Work task: Only the lines below between the one holding "The aurora borealis" and the one holding "尚境床墊是大自然首款三段式設", inclusive, are to be reproduced word for word; the pictures are to be left out.

Raw data:
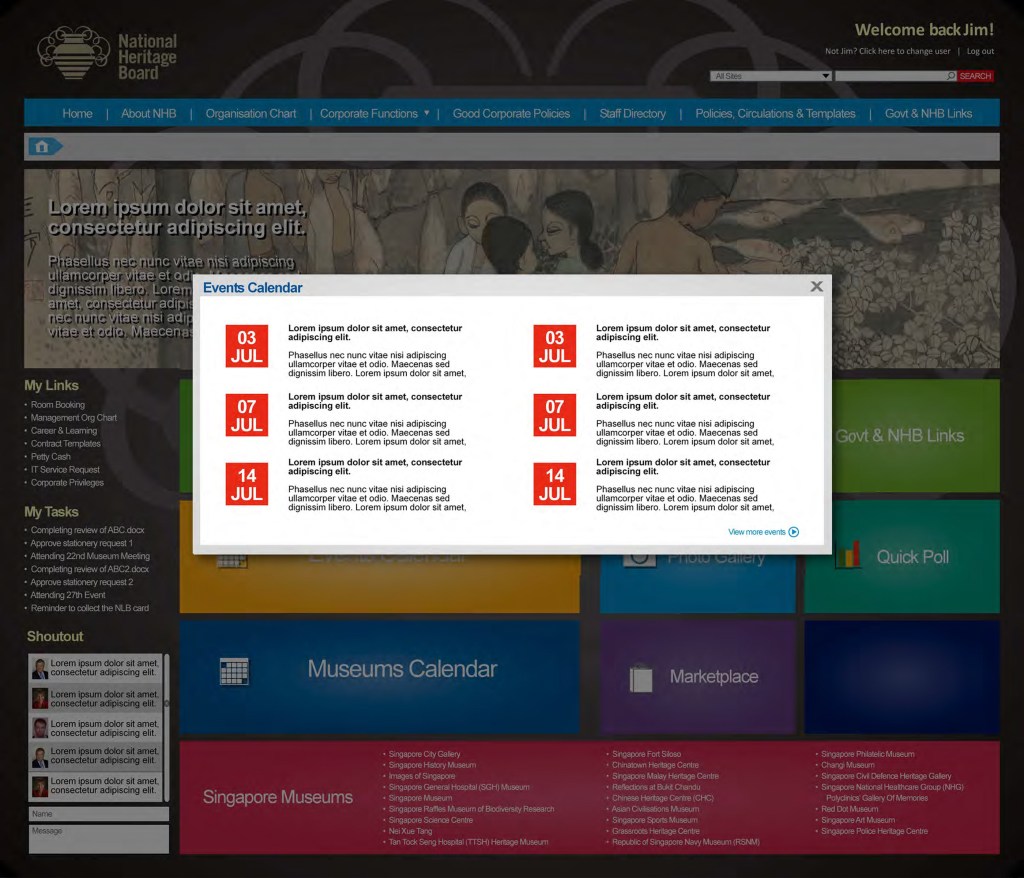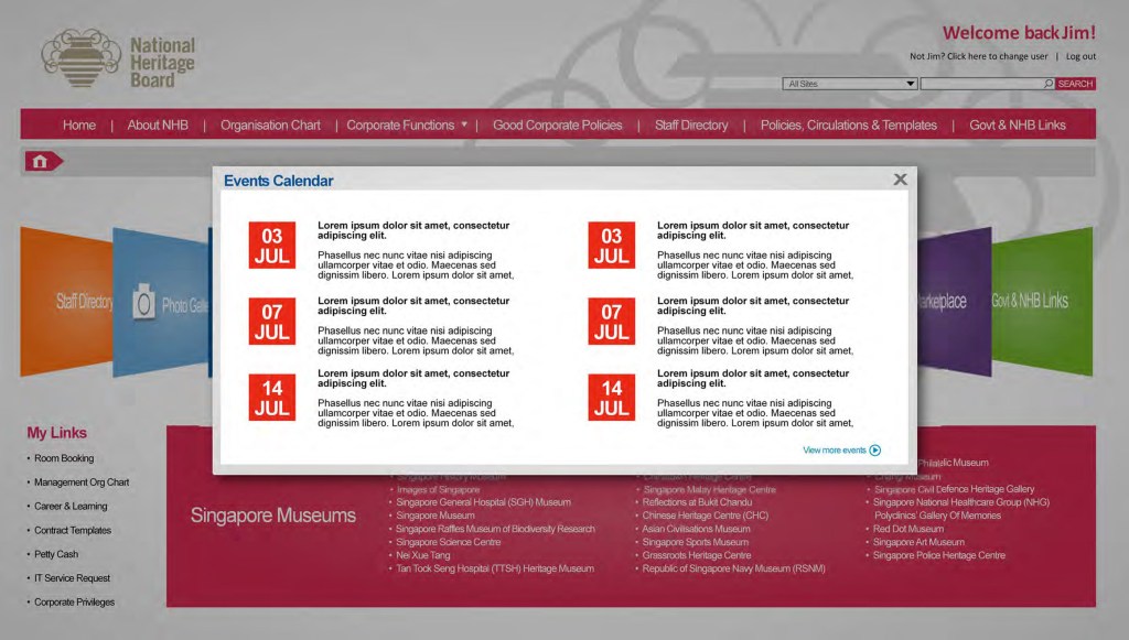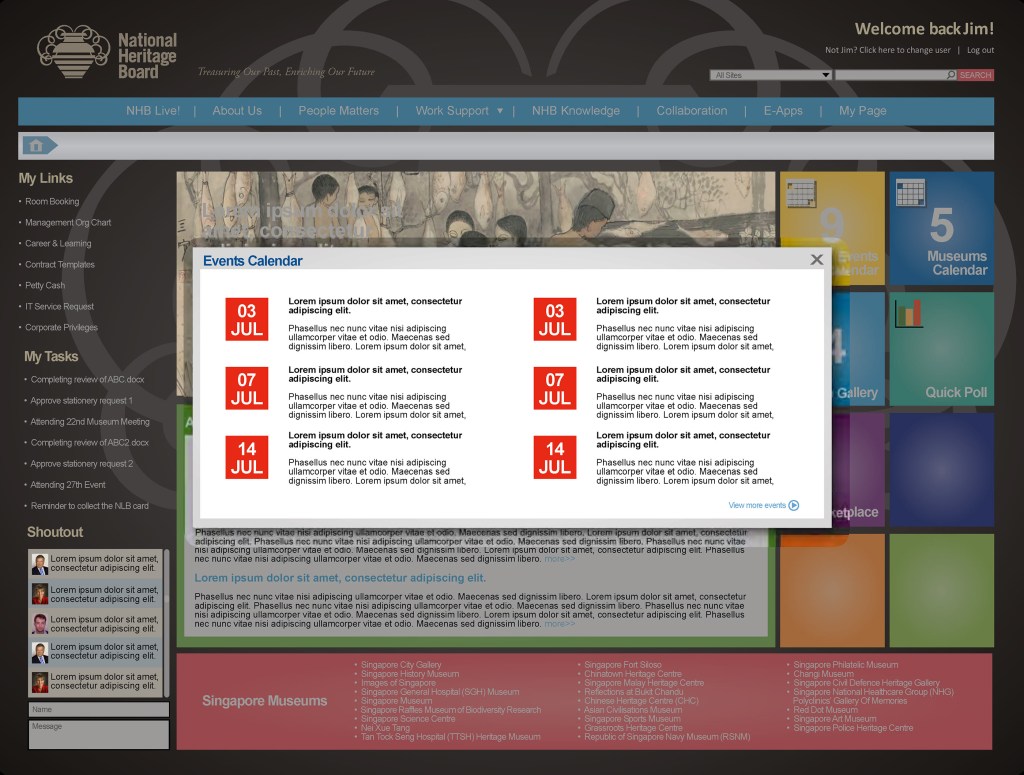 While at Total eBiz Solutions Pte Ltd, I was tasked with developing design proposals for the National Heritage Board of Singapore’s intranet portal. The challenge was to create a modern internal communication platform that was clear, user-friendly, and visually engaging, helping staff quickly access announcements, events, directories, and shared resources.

==

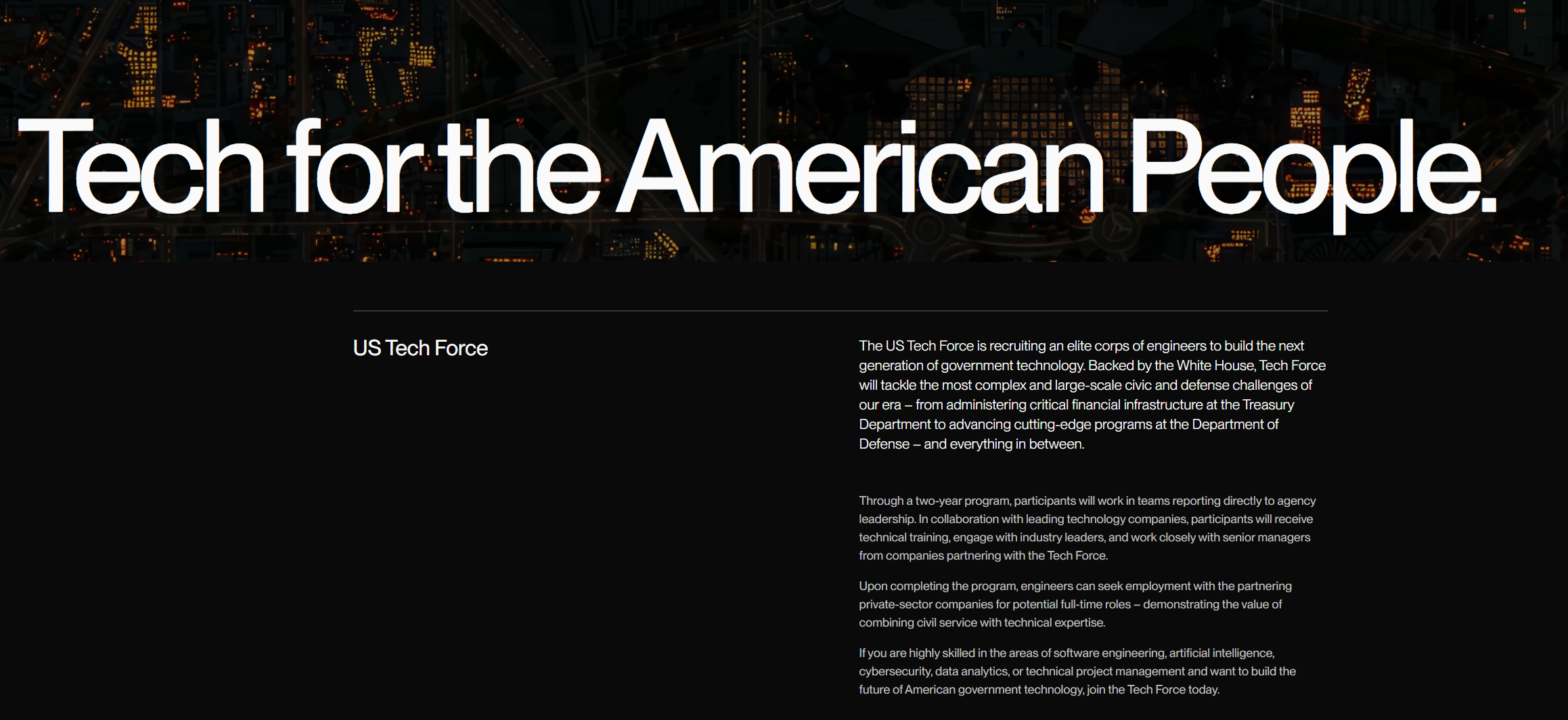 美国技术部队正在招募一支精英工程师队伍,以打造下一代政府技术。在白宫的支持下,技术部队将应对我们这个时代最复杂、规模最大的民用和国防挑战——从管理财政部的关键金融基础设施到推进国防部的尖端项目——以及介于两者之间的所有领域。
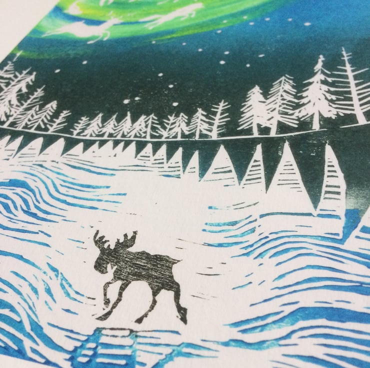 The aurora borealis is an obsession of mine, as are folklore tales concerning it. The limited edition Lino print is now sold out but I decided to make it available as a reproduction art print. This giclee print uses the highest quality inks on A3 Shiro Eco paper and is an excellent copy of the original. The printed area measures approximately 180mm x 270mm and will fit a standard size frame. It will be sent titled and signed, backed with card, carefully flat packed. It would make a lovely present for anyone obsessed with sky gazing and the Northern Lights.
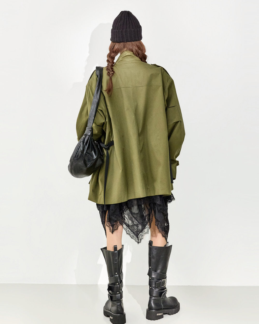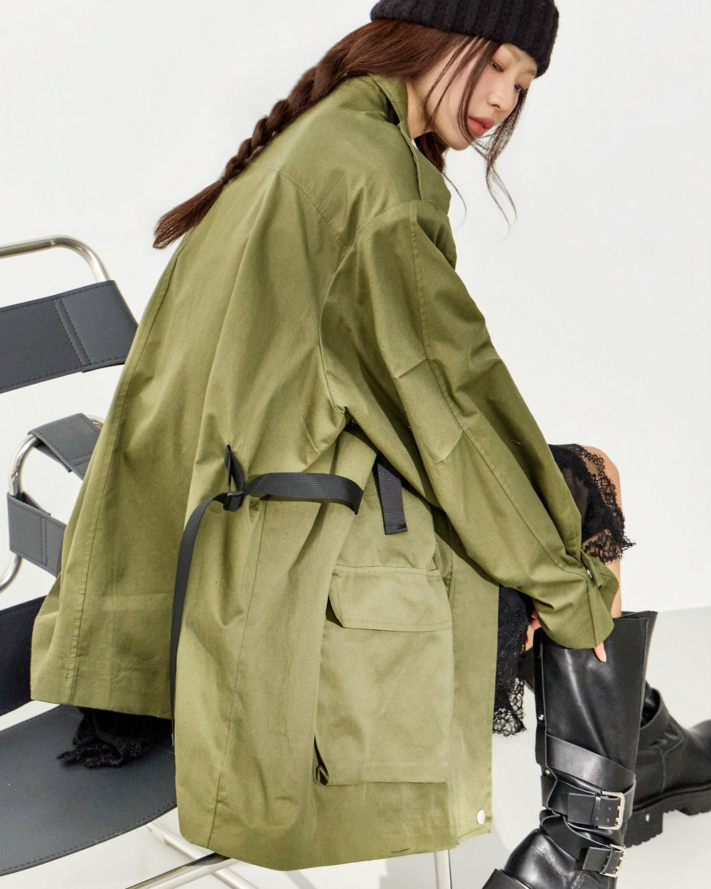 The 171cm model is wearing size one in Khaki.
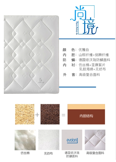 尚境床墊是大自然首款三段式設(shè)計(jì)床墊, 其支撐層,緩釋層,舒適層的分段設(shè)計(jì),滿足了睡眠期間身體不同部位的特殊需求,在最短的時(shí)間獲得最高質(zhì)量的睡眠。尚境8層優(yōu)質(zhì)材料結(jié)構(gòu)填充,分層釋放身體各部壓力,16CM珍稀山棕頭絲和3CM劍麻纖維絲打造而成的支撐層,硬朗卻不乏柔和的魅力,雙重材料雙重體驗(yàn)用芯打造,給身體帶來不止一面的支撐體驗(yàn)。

Solved problem:
 The aurora borealis is an obsession of mine, as are folklore tales concerning it. The limited edition Lino print is now sold out but I decided to make it available as a reproduction art print. This giclee print uses the highest quality inks on A3 Shiro Eco paper and is an excellent copy of the original. The printed area measures approximately 180mm x 270mm and will fit a standard size frame. It will be sent titled and signed, backed with card, carefully flat packed. It would make a lovely present for anyone obsessed with sky gazing and the Northern Lights.
 The 171cm model is wearing size one in Khaki.
 尚境床墊是大自然首款三段式設(shè)計(jì)床墊, 其支撐層,緩釋層,舒適層的分段設(shè)計(jì),滿足了睡眠期間身體不同部位的特殊需求,在最短的時(shí)間獲得最高質(zhì)量的睡眠。尚境8層優(yōu)質(zhì)材料結(jié)構(gòu)填充,分層釋放身體各部壓力,16CM珍稀山棕頭絲和3CM劍麻纖維絲打造而成的支撐層,硬朗卻不乏柔和的魅力,雙重材料雙重體驗(yàn)用芯打造,給身體帶來不止一面的支撐體驗(yàn)。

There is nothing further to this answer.